**Work required:** Your answer is to be the exact text of the lines from the one containing "На схеме нарисованы" through the final line of the entries, restated in full, with pictures omitted.

**Given information:**
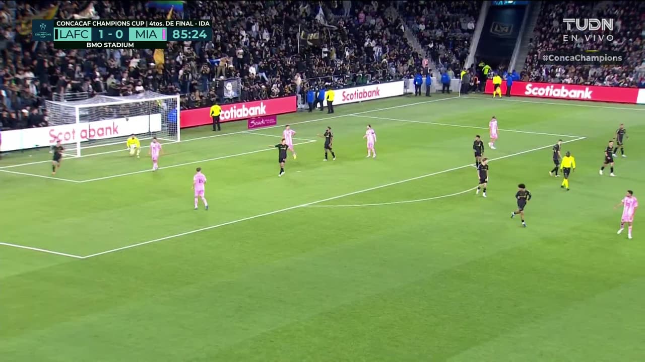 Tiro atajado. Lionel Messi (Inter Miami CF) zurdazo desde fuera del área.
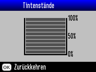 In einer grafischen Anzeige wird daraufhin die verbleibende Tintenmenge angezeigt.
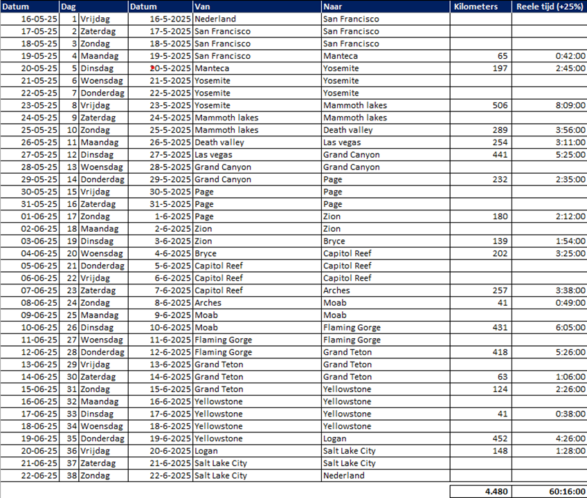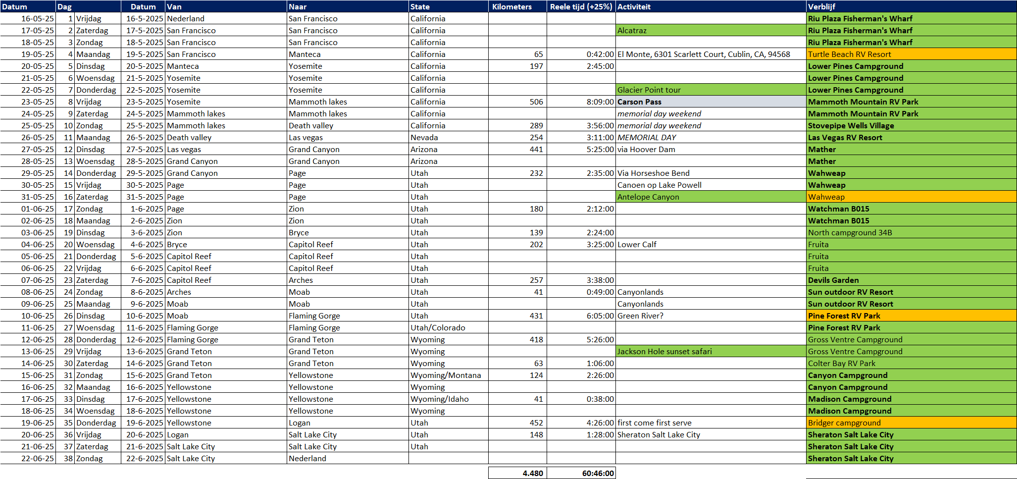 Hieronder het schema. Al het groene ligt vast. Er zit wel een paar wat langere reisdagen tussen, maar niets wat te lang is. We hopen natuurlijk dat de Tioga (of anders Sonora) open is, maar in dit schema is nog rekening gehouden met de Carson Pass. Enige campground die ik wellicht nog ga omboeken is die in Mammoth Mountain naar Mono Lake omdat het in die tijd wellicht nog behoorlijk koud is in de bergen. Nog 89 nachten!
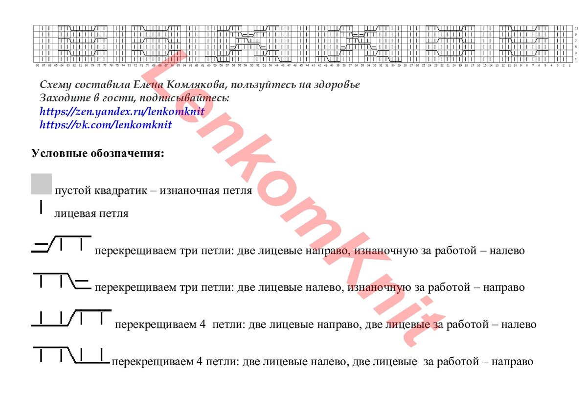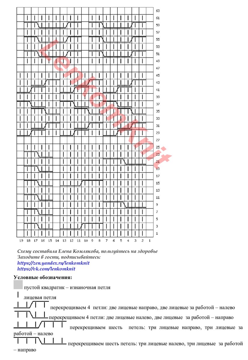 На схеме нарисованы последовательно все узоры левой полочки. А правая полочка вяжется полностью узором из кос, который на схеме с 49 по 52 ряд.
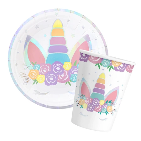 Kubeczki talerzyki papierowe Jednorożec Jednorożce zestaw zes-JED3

**Answer area:**
 На схеме нарисованы последовательно все узоры левой полочки. А правая полочка вяжется полностью узором из кос, который на схеме с 49 по 52 ряд.
 Kubeczki talerzyki papierowe Jednorożec Jednorożce zestaw zes-JED3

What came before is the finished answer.